Imperialismus
Erst Kriegsdrohung, dann Friedenspose: Trump sagt Angriff auf Iran wieder ab
Der faschistische US-Präsident Donald Trump hat die groß angekündigte massive Angriffswelle gegen den Iran vorerst abgesag
Nur einen Tag zuvor hatte er noch mit Angriffen in einem seit dem Zweiten Weltkrieg nicht gesehenen Ausmaß gedroht. Nun behauptet Trump, der Iran und weitere Staaten der Region hätten um Aufschub gebeten; die „Umrisse einer Einigung“ seien erreicht. Dazu sollen die Öffnung der Straße von Hormus und ein Ende der vom Iran ausgehenden atomaren Bedrohung gehören.
Die faschistische Führung der Islamischen Republik Iran widerspricht jedoch: Die halbamtliche Nachrichtenagentur Fars erklärte unter Berufung auf einen iranischen Unterhändler, über die Öffnung der Straße von Hormus sei keinerlei Vereinbarung erzielt worden.
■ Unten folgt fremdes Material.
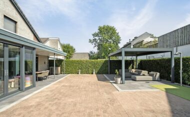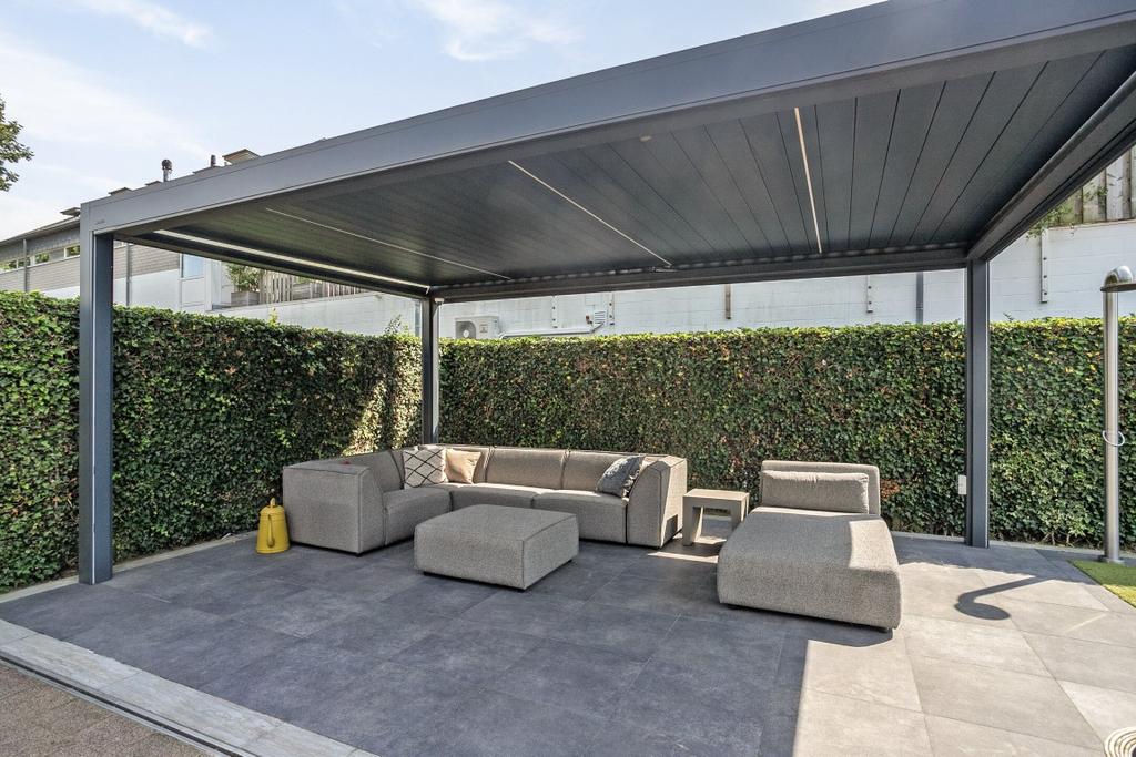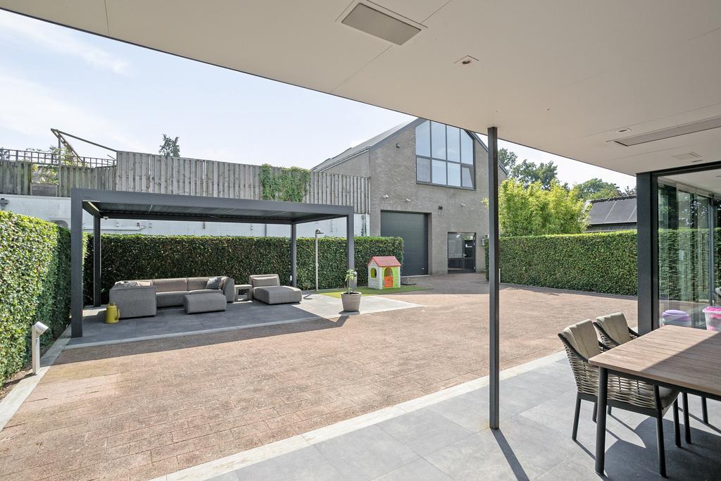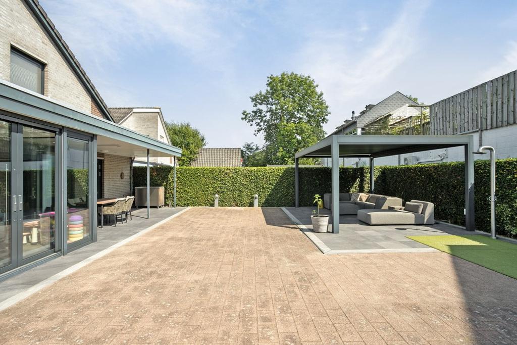 Dankzij de zonnige ligging kun je hier volop genieten van de zonuren, terwijl de overkapping een beschutte plek biedt op warmere dagen. Het terras is ruim genoeg voor een loungebank of een grote tuintafel, waardoor dit de perfecte plek is voor een barbecue of een ontspannen middag in de buitenlucht. De tuin is onderhoudsarm en biedt volop privacy, zodat je hier in alle rust kunt ontspannen. Via de poort aan de zijkant heb je een handige achterom.

Entsprechende Berichte seien falsch.
Das Muster ist nicht neu: Trump droht zunächst mit vernichtenden Angriffen und verkündet anschließend angebliche Verhandlungsfortschritte. Mehrfach behauptete er bereits, der Iran werde US-Forderungen erfüllen und unter anderem die vom faschistischen iranischen Regime ausgehende atomare Bedrohung beenden. Das Regime in Teheran dementierte wiederholt, dass solche Gespräche oder Zusagen überhaupt stattgefunden hätten. So versucht Trump, sich nach seinen eigenen imperialistischen Kriegshandlungen als Friedensbringer zu inszenieren.
Zugleich wächst der Druck der regionalen US‑Verbündeten. Saudi-Arabien drängte Trump ausdrücklich zur Deeskalation. US-Stützpunkte in Jordanien wurden wiederholt mit iranischen Raketen und Drohnen angegriffen. Trump braucht einen Ausweg aus einem Krieg, der immer weitere Länder hineinzieht und die Interessen seiner Verbündeten bedroht.
Trump behauptet außerdem, Israel werde sich an die angebliche Vereinbarung halten. Doch ein Minister des faschistischen Netanjahu-Regimes erklärte bereits, Israel werde unabhängig von Absprachen erneut angreifen. Die israelische Regierung verfolgt ihre eigenen expansionistischen Groß-Israel-Pläne und treibt unter anderem die Besiedlung des besetzten Westjordanlands massiv voran.